I rubbed my eyes a bit too roughly, and with a barely-contained yawn, I glanced to the clock on the wall. He was right, it was nearly 10 pm, and Byakuya should have been back two hours ago. I couldn't finish all our squad reportsmy the end of the evening, there was just no way.
"Where the hell did he run off to?" I exclaimed. I really wished he would just materialize in the door right about now.
"Maybe I could ask Ichimaru-taichou to let me stay through the night to help with your work?" Kira offered. He always was too anal about duty.
"Nah,
Kira-kun, don' even worry 'bout it. I'm gonna go on home. He knows
there's no way to finish it all; it's probably all some kinda sick
punishment to him."
"Punishment? What in the world did you
do, Renji-kun?"
I tensed, immediately regretting spilling my situation to Kira. He would be disappointed and give me some kind of lecture over our duty to be respectful to our captains at all times.
"Ehh, I might've mouthed off a bit to him this morning.
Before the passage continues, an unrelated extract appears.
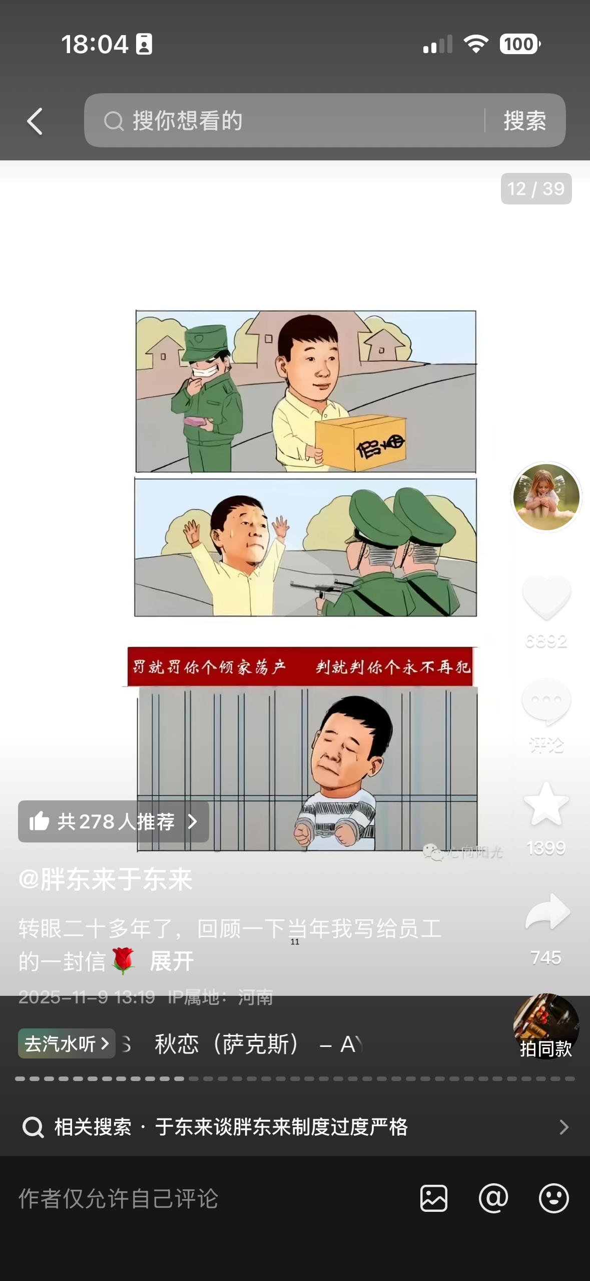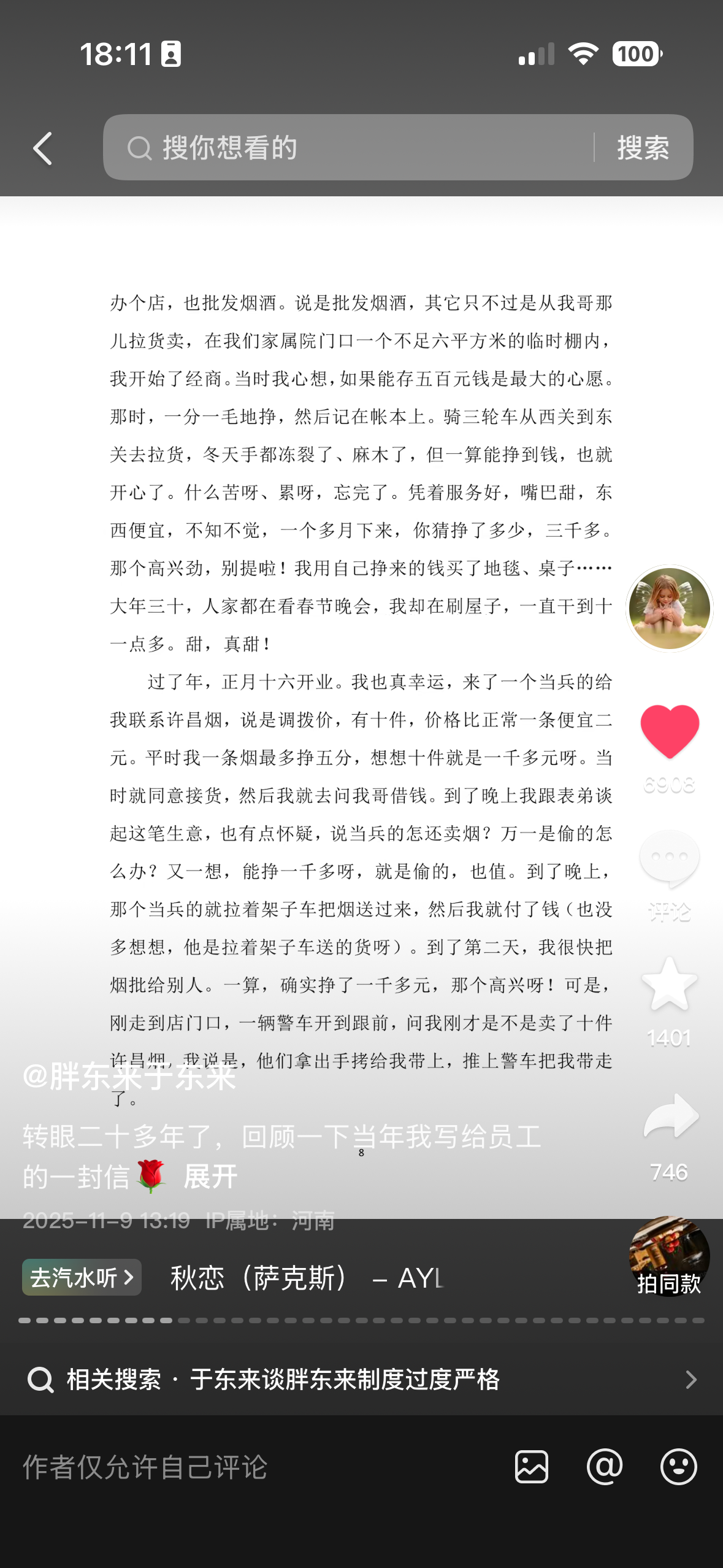 11月9日,胖东来创始人于东来在其个人社交账号上,发布了一封写于2003年12月28日的内部信件。信中,于东来以第一人称视角,文字为主并穿插着漫画,详细讲述了自己创业前的一些经历,其中包含因倒卖香烟被拘留、被抓捕等过往。

That's all."
"'That's all'? Renji-kun, one of these days Kuchiki-taichou isn't going to be as forgiving as he is now! One of these days he's going to teach you some manners!"
"Aw, c'mon, Kira-kun, don't be all huffy with me. S'not even your problem!"
His lips puckered to hold back another comment, and his brows furrowed to show his anger at what I had just said. He stood up and stomped to the door. "Fine, if it's not my problem, then I guess you don't need me anymore for anything!"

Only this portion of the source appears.